When writing automated tests, take into account the functionality of the recently produced code as well as any significant back-end and front-end interactions with other parts of the code base.
Vulnerabilities like SQL injection, cross-site scripting, unsafe data storage, and inadequate memory allocation (which could result in buffer overflows) are examples of security issues that are typically addressed in testing. Testing ought to address memory leaks, sluggish or unreliable performance, and usability. The testing should be automatic and integrated into the CI/CD pipeline so that no new version or update can be published without undergoing both unit and integration tests.
Independent pen testing – No one can think of everything and as developers, we sometimes develop blind spots in regards to the code we wrote. Similar to code review, independent pen testing allows for a fresh approach and another set of eyes to critically examine what we did and the precautions we took to secure our app and our users. Such tests are recommended at least once a year and should incorporate infrastructure evaluation as well as app vulnerabilities.
Use open-source securely – Almost all software in development today includes open-source software to a greater or lesser degree. Open-source components are some of the leading causes of imported vulnerabilities into your application, either directly or through transient dependencies. Additionally, it’s not only the libraries you use that can endanger you – but it’s also failing to update old libraries or to keep up to date with the latest published CVEs that might impact you. We recommend creating a list of approved open-source packages for use by the organization and constantly checking and updating it. Preventing the developers from adding any package they want to, even if just as a test, could help cut back on the number of vulnerabilities you have to deal with.
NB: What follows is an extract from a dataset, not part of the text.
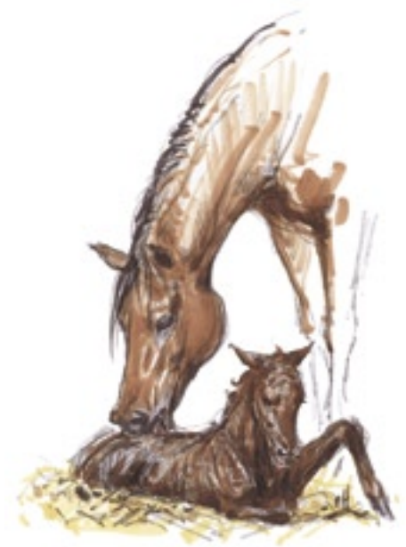
Unmittelbar nach der Geburt

Ein gesundes Fohlen hebt unmittelbar nach der Geburt den Kopf und richtet sich innert 1 - 3 Minuten in Brustlage auf. Der Saugreflex ist bereits 5 - 10 Minuten nach der Geburt

Make sure vulnerabilities do not turn into exploits – There is almost no code base devoid of vulnerabilities. Any decent scan would turn up anywhere from hundreds to thousands of them. It’s impossible to eliminate them all. It’s also important to remember that vulnerabilities are not exploits. Make sure you have a filtering process to make sure any vulnerability you discover is not an exploitable threat and keep this list constantly updated. In this way, you can calm any third parties or users concerned about the latest CVE that it has absolutely no impact on your application.
Security Starts With Your Mindset
There are probably as many different ways to develop software as there are developers, frameworks, and coding languages. That is to say, it’s not easy to find best practices for securing your development process that would be relevant no matter what language, field, or IDE you’re employing. Beyond a plethora of tools, some proprietary and some free, all clamoring for your attention as ‘the next irreplaceable security tool’, the most important security tool you can employ is your mindset.
Think about your design choices, architecture, and storage. Have you considered the option of exponential growth in your user base? Have you properly segmented access privileges for different parts of your codebase and infrastructure? Did you consider both a targeted attack against your data or secrets and a software supply chain ’indirect’ attack?
All these questions and more should be considered before you even sit down to plan your application and they should be routinely reinspected as the codebase and app grow and evolve.
It’s considered an axiom that the most vulnerable part of any software is the human running it (or writing it). Don’t let your application, software, or code library be part of the increasing statistics of a new wave of cyber attacks. With proper planning, tools, and automation you can find the right balance between managing cyber risk, securing your development life cycle, and producing well-documented, comprehensive, efficient code.